MCL1

MCL1

Overview

MCL1 encodes Mcl-1 (myeloid cell leukemia 1), a member of the BCL-2 family of apoptosis regulators. It is best known as an anti-apoptotic protein that helps cells survive by restraining the intrinsic mitochondrial cell-death pathway. In cancer biology, MCL1 is frequently studied because many tumor cells rely on Mcl-1 to evade apoptosis, maintain survival under stress, and resist therapy. As a result, MCL1 has become an important target in drug discovery, especially in malignancies where resistance to other BCL-2 family inhibitors is a concern.

Biologically, Mcl-1 functions within a network that includes BCL-2, BCL-xL, and BH3-only proteins such as NOXA. Its expression is often tightly regulated and can change rapidly in response to signaling pathways that control transcription, translation, and protein stability. Because of this short-lived nature, Mcl-1 is a frequent point of convergence for therapies that suppress survival signaling, including CDK9/CDK12/13 inhibition, and for combination strategies involving venetoclax, BCL-XL inhibitors, PI3K pathway inhibition, or immunotherapy approaches such as CAR-T cells and NK cells.

Focus of Latest Publications

Recent publications have continued to position MCL1 as a central anti-apoptotic target in cancer and immune-cell biology. Several studies focused on the development of direct Mcl-1 inhibitors. One report described novel sophocarpine derivatives as potential dual Bcl-2 and Mcl-1 inhibitors for hepatocellular carcinoma, referencing the selective Mcl-1 inhibitor AZD5991 as a comparator in the broader therapeutic context. Another study reported a novel tetrahydro-β-carboline Mcl-1 inhibitor with antitumor activity and the ability to overcome cisplatin resistance, reinforcing the idea that Mcl-1 blockade may help address drug resistance rather than simply improve potency.

MCL1 was also examined as part of combination and pathway-based apoptosis strategies.
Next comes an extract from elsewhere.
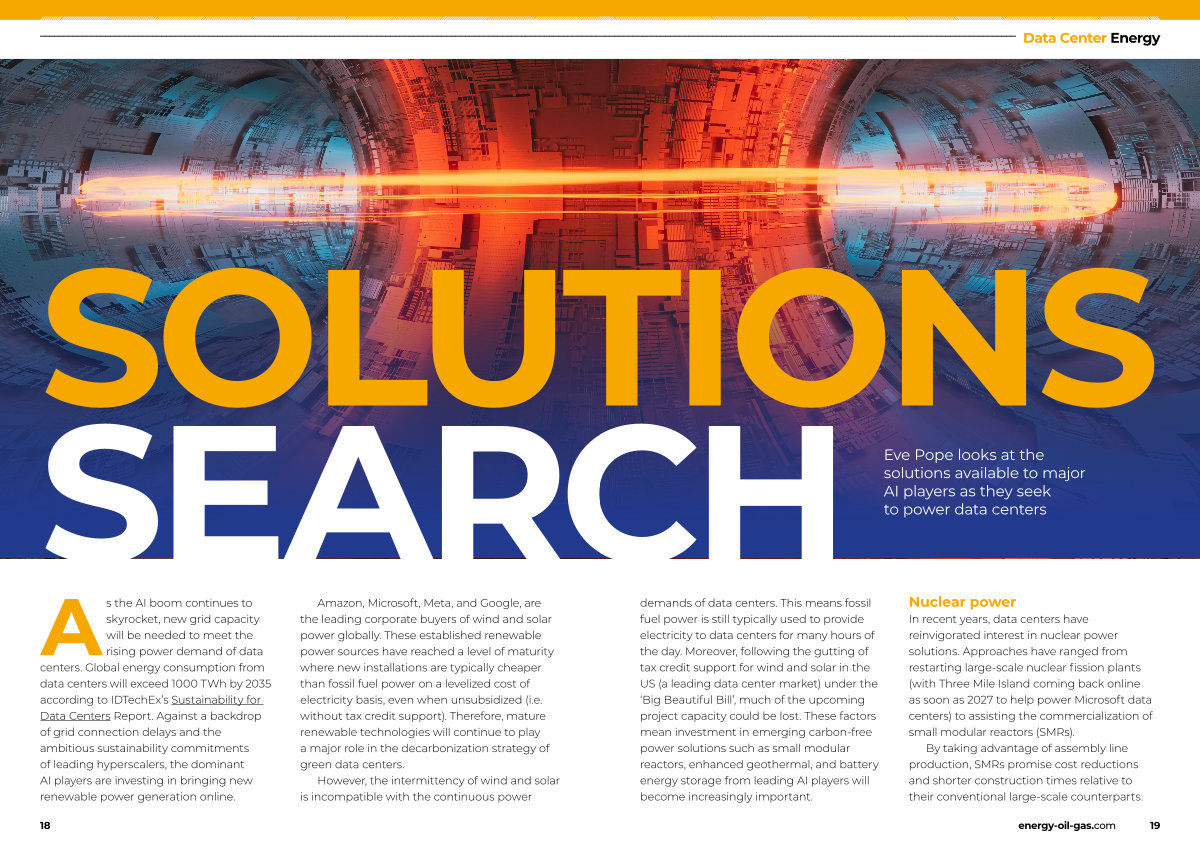 Eve demands of data centers. This means fossil fuel power is still typically used to provide electricity to data centers for many hours of the day. Moreover, following the gutting of tax credit support for wind and solar in the US( a leading data center market) under the‘ Big Beautiful Bill’, much of the upcoming project capacity could be lost. These factors mean investment in emerging carbon-free power solutions such as small modular reactors, enhanced geothermal, and battery energy storage from leading AI players will become increasingly important.

In acute myeloid leukemia research, inhibition of BCL-2 and PI3K signaling enhanced the cytotoxicity of gemtuzumab ozogamicin, with cell-line-dependent changes in apoptotic regulators including MCL-1 and p53. In T-ALL, investigators evaluated sensitivity to venetoclax (BCL-2), A1331852 (BCL-XL), AZD5991 (MCL-1), and dual BCL-2/BCL-XL inhibition, including combinations with natural killer (NK) cells, highlighting MCL1 as one arm of a broader BH3-mimetic strategy.

A separate mechanistic study showed that inhibition of CDK9 or CDK12/13 rapidly downregulated the short-lived anti-apoptotic proteins Mcl1 and Bfl1/A1 in Jurkat leukemia cells and SUDHL1 lymphoma cells, while BCL-2 and BCL-xL were not affected. This supports a transcriptional dependency of MCL1 expression and explains why CDK-Targeted therapies such as atuveciclib, AZD4573, THZ531, and SR4835 are often discussed in relation to apoptosis induction. In another study, Aurora kinase A overexpression promoted T-lymphocyte apoptosis through the NOXA/MCL-1 pathway, linking MCL1 to immune-cell survival as well as cancer cell biology.
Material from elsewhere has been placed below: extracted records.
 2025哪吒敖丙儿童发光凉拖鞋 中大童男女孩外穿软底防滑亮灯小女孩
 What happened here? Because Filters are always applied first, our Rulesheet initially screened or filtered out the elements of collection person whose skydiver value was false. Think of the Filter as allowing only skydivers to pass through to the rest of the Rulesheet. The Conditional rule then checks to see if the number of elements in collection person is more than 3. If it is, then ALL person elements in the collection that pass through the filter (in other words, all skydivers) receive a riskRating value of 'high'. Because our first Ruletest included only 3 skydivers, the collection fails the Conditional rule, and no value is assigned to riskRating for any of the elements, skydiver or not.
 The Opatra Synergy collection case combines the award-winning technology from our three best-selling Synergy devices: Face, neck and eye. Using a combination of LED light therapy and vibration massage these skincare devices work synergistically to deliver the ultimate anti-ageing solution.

MCL1 also appeared in studies of tumour-immune crosstalk and the tumour microenvironment. Single-cell transcriptomic analysis of single-day nonactivated IL-18-armed CAR T cells showed upregulation of MCL1 alongside IL7R and KLF2, with suppression of inhibitory checkpoint genes such as PDCD1, TOX, and HAVCR2. This suggests that MCL1 may contribute to persistence or survival programs in engineered T cells. In another immunology-focused context, MCL1 was discussed in relation to T-lymphocytes, tumor infiltrating lymphocytes, and immune-based therapeutic strategies, including anti-CD28 stimulation and broader cancer immunotherapy settings.

Additional studies used computational and cell-based approaches to explore MCL1-associated anticancer activity. berberine chloride was reported to have favorable docking interactions with multiple cancer-related targets, including MCL1 complexes, in breast cancer models such as MDA-MB-231 and 4T1 cells. Nobiletin was shown to induce apoptosis in A549 cells by mimicking BH3-only proteins and downregulating anti-apoptotic proteins including BCL-2 and MCL-1. Across these studies, MCL1 consistently emerged as a survival factor whose inhibition or downregulation can sensitize cancer cells to apoptosis and improve responses to other therapies.